According to the lengthy 40-page report, the UK’s power infrastructure isn’t ready for a predicted surge in electric cars on driveways in the next couple of decades. Electric vehicles and plug-in cars are being added to more manufacturer's ranges and are becoming cheaper to buy and easier to own, so increase in electricity demand could mean expensive upgrades are needed in the near future in order for the grid to cope with more electric vehicles on charge at once.
Green Alliance compares how the UK is managing electricity demand and provision for EVs compared to other countries, and claims it doesn’t fare well: ‘matching 21st century technology with 20th century energy markets is a recipe for disaster’, it says.

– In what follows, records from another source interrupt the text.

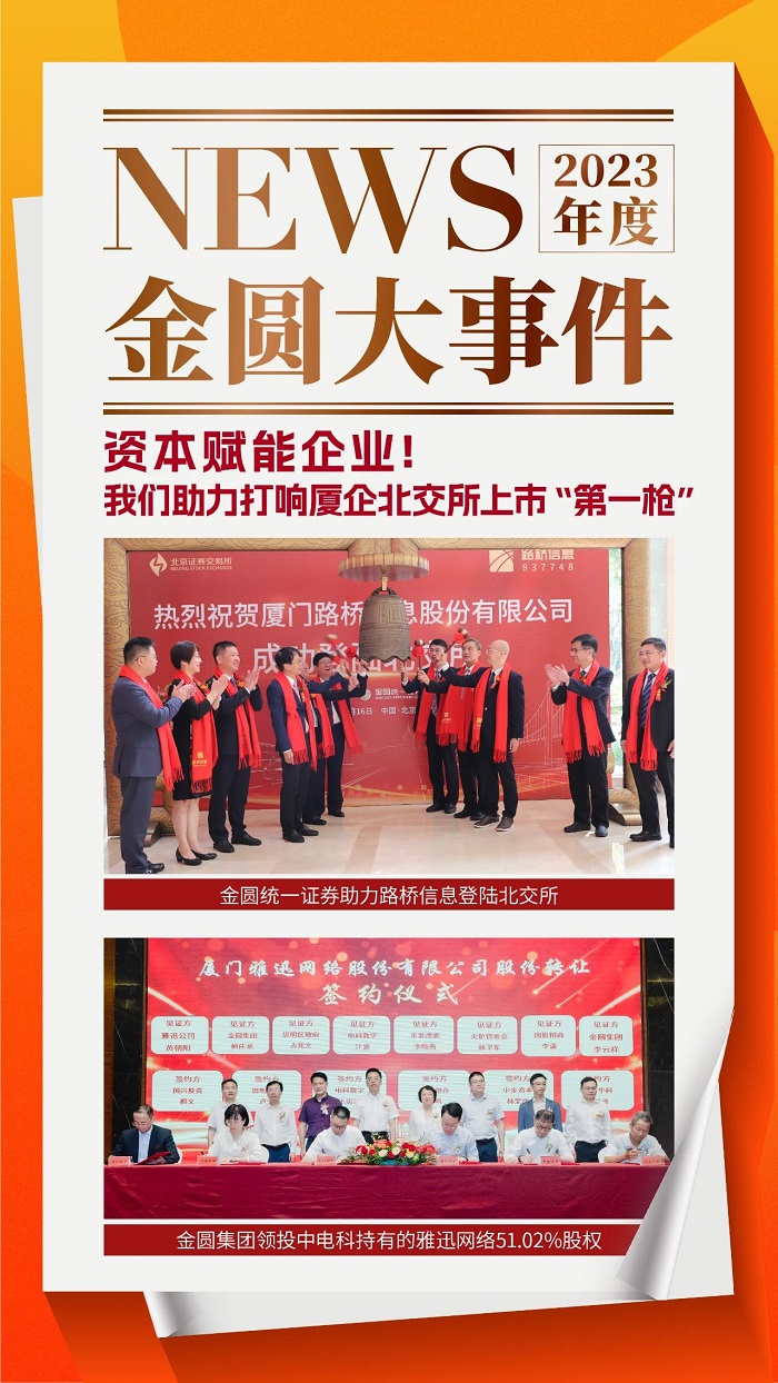2023年8月,由金圆统一证券承销保荐的厦门路桥信息股份有限公司正式登陆北交所,打响厦门企业北交所上市的第一枪,书写以资本市场服务助力企业高质量发展的成功案例。金圆集团领投中电科持有的雅迅网络51.02%股权,助力我市新能源、新型显示产业优化升级。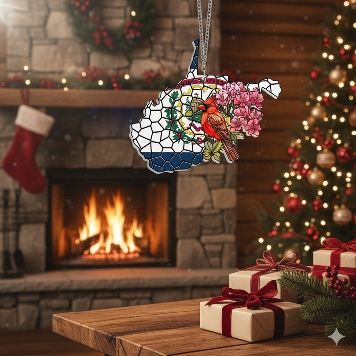 West Virginia Cardinal Gift - Rhododendron Flower Suncatcher, Acrylic Hanging Decor for Nature-Inspired Homes & Gardens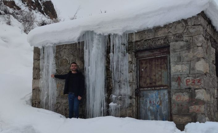 İlçede çatılarda oluşan buz sarkıtlarının uzunluğu 3 metreyi aştı. Bazı gençler buz sarkıntıların önüne geçerek hatıra fotoğraf çekip sosyal medya hesaplarında paylaştılar.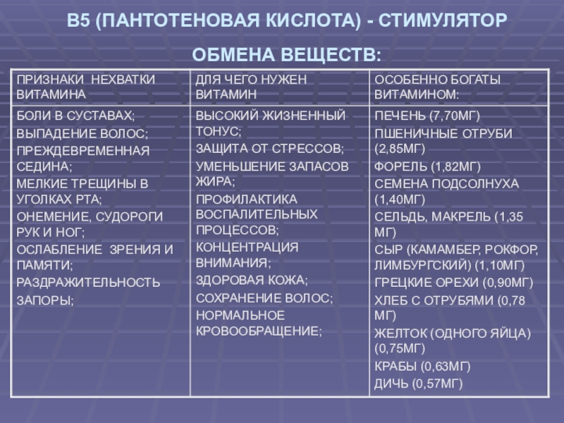 Слайд 12В5 (ПАНТОТЕНОВАЯ КИСЛОТА) - СТИМУЛЯТОР ОБМЕНА ВЕЩЕСТВ: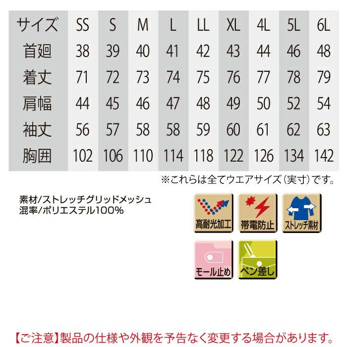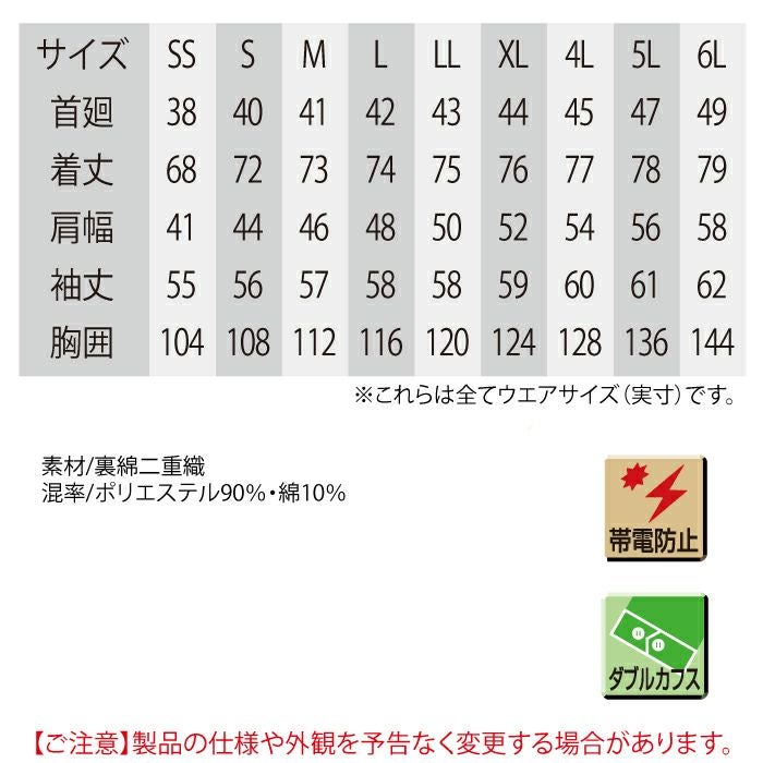作業服 春夏用 アイトス Aitoz AZ-1932 半袖ブルゾン(男女兼用) 3L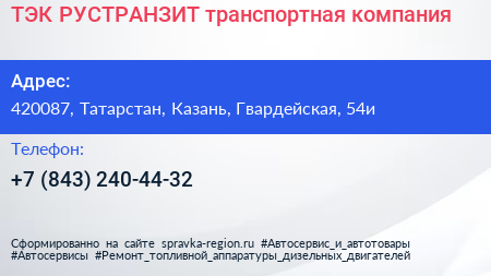 ТЭК РУСТРАНЗИТ, транспортная компания по адресу 420087, Татарстан, Казань, Гвардейская, 54и в дальнейшем Организация, размещена в следующих категориях:

The town of Lightwater in Surrey and its 6800-strong population is cited as an example, where if around 900 electrified cars ended up on the driveways and in garages of residents, it is thought that the electric grid would not be able to cope, leading to more frequent electricity imbalances and 'brownouts'. That would lead in turn to damage of power lines and substations, and associated costly repairs.
Studies in other countries have shown that ‘if as few as six closely congregated vehicles charge near a sensitive node at peak times, this may place more local demand than the system can handle.’
Norway, for example, has the highest concentration of full-electric cars in the world, and even it is still straining under the pressure, particularly in tourist hotspots at peak times. Small villages in the country were even threatened by one of the country’s energy suppliers with charges of at least £4000 if residents wanted fast chargers in the area, due to ‘network reinforcement costs.’
In the UK, these reinforcement costs could hit £36bn by 2050 if we steam toward the predictions seen in the report. The Green Alliance is urging the government to think ahead about electric infrastructure in order to ease the growing pressure, including developing smaller-scale, localised energy generation projects to ease the strain. Texas, for instance, is using EV batteries to support the power grid when it’s struggling, and California curtails the speed at which cars are charged in certain areas in order to avoid imbalances.